Renouveler l’agriculture soutenue par la communauté
Le Réseau des fermiers.ères de famille souhaite exprimer son soutien à Mélina et François quant à la situation difficile à laquelle ils doivent faire face, mais également aux solutions qu’ils ont partagées qui sont en phase avec les valeurs de notre réseau et avec le projet de société que propose notre Manifeste de la résilience.
« Nous croyons que pour surmonter les défis de l’avenir et assurer notre résilience face à ceux-ci, il faut que notre société reconnecte avec son alimentation, son agriculture et son territoire. L’avenir de l’agriculture doit devenir l’affaire de tous et toutes.
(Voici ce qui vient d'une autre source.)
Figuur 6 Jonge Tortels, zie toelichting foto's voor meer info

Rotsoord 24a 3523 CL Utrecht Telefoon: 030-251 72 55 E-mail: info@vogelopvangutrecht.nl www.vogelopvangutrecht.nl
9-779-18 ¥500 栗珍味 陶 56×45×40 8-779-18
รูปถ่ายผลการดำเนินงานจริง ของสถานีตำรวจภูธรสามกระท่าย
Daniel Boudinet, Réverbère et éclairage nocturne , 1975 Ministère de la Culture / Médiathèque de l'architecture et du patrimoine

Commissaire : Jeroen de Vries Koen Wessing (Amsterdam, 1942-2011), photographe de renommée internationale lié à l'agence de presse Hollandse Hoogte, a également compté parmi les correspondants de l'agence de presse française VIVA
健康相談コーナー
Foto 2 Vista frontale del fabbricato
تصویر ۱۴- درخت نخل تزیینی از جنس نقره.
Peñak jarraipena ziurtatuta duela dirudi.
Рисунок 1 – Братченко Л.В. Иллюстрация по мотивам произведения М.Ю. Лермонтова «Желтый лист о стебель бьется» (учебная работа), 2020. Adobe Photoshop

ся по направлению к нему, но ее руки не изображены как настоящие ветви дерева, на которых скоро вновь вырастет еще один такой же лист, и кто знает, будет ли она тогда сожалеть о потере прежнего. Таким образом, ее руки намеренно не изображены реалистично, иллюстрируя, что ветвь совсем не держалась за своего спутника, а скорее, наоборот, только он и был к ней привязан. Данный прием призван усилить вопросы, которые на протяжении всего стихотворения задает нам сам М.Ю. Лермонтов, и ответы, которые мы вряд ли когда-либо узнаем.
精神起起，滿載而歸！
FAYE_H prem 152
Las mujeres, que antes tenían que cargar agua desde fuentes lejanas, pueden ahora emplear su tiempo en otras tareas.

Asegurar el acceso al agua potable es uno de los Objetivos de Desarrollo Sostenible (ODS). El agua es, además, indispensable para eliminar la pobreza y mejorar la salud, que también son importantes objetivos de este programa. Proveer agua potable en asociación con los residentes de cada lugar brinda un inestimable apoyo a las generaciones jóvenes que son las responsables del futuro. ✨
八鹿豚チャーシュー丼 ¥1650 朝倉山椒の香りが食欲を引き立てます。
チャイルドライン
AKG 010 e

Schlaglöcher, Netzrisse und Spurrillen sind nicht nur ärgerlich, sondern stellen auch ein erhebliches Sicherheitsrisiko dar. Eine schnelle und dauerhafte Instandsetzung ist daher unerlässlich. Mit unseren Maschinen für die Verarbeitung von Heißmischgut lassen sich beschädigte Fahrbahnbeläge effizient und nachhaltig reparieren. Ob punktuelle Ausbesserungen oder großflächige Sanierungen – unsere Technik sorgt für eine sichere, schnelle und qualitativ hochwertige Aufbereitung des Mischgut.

Heureusement, plusieurs actions sont possibles pour les citoyens, les citoyennes et les gouvernements qui souhaitent s’impliquer davantage pour cette cause », a déclaré Léon Bibeau-Mercier, président de la Coopérative pour l’agriculture de proximité écologique.
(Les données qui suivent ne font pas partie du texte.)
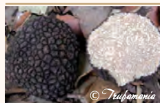
Trufa de verano ( Tuber aestivum )
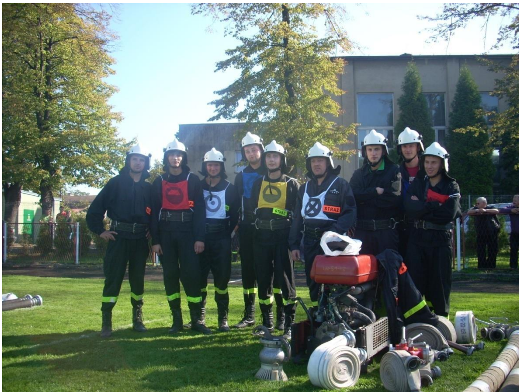
Zawody strażackie 01.10.2011 (1)
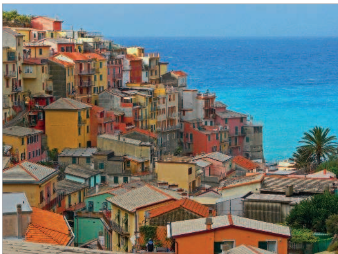
■ Итальянский вид

хвалиться. Потому-то невозможно удивляться, что и сейчас Италия продолжает задавать моду в области дизайна и производства — с такой-то наследственностью!
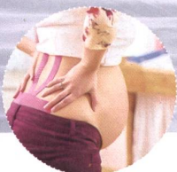
Schwangerschaft bis Wochenbett: Taping für Hebammen

SVH-anerkannte Fort- und Weiterbildungen bei AcuMax Med AG
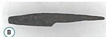
(B) Couteau en fer du 5 e siècle
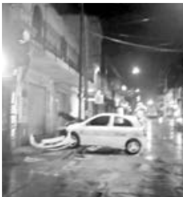
EL TAXI salió proyectado hacia un negocio de aguas frescas.

Protagonizaron el choque un Nissan March habilitado como ta-
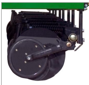
Приспособление для внесения сухих удобрений
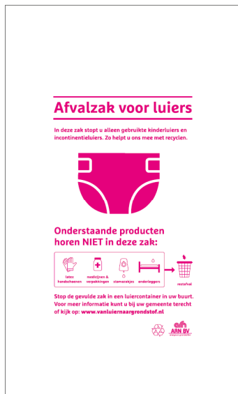
Type B: 60x110 cm
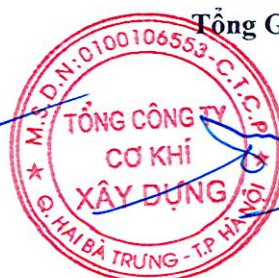
Đào Đức Thọ
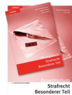
Strafrecht Besonderer Teil Kombipaket Ladenpreis: 78,20EUR

Wir haben andere Produkte gefunden, die Ihnen gefallen könnten!
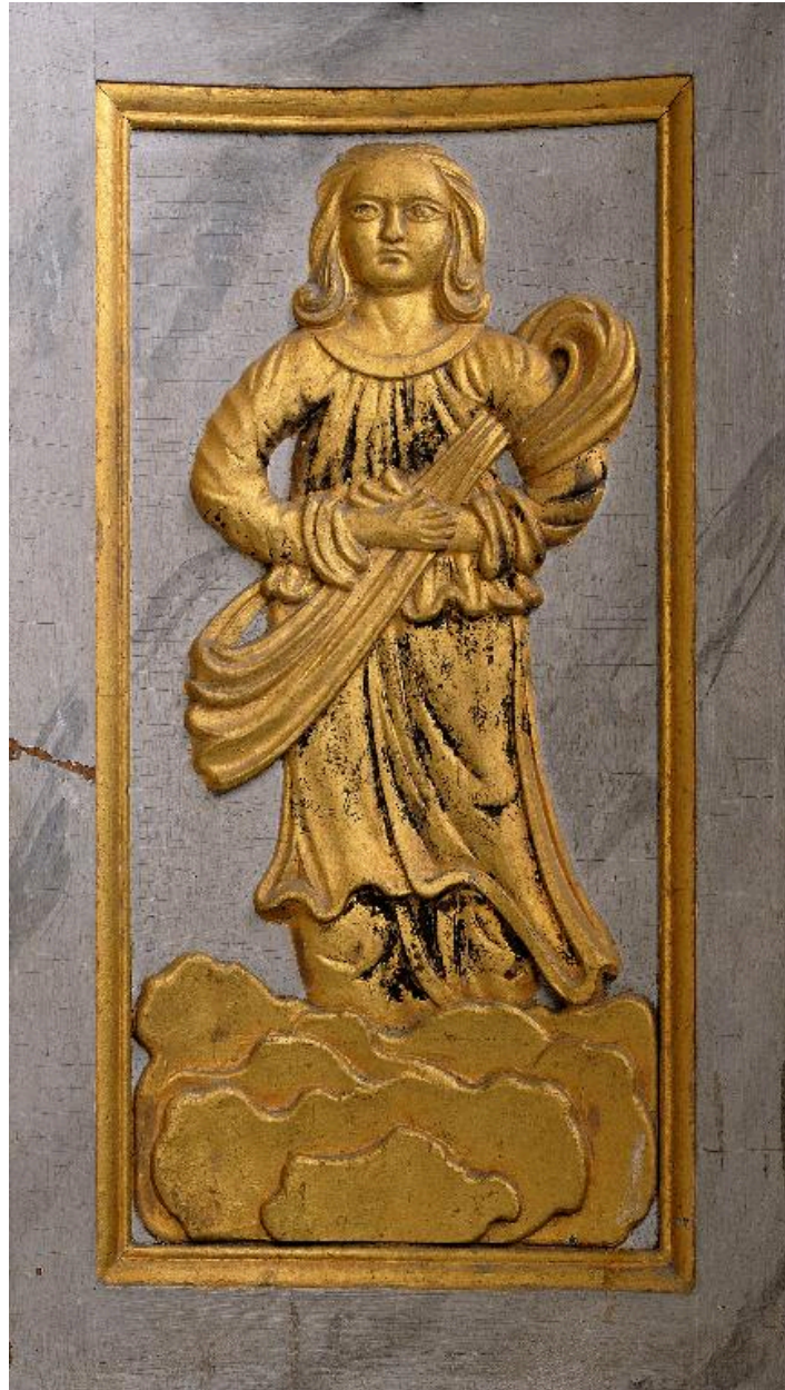
Figure féminine sur un panneau latéral du tabernacle.

Notamment, chaque citoyen.ne peut soutenir et exiger la transformation de l’industrie agroalimentaire; en s’engageant auprès d’un.e fermier.ère de famille, en fréquentant les marchés fermiers et les épiceries bio-locales, en variant son alimentation avec les saisons, en exigeant des municipalités qu’elles se dotent de plates-bandes comestibles et de lieux alimentaires publics, en remplaçant son gazon par des plantes aromatiques, médicinales, mellifères ou potagères, en s’impliquant dans le choix des ingrédients servis dans les écoles et dans les centres hospitaliers.
En ce qui concerne les gouvernements, ceux-ci pourraient faciliter l’accès à la terre, offrir un financement sensé des entreprises agricoles, réviser les normes sanitaires et les lois sur les quotas, offrir un appui ferme et sans équivoque à l’agriculture biologique, multiplier les marchés publics, faire la promotion et soutenir la distribution des aliments en circuit court, modifier les programmes éducatifs pour qu’ils soient axés sur la nature et l’alimentation locale, pour n’en nommer que quelques.unes.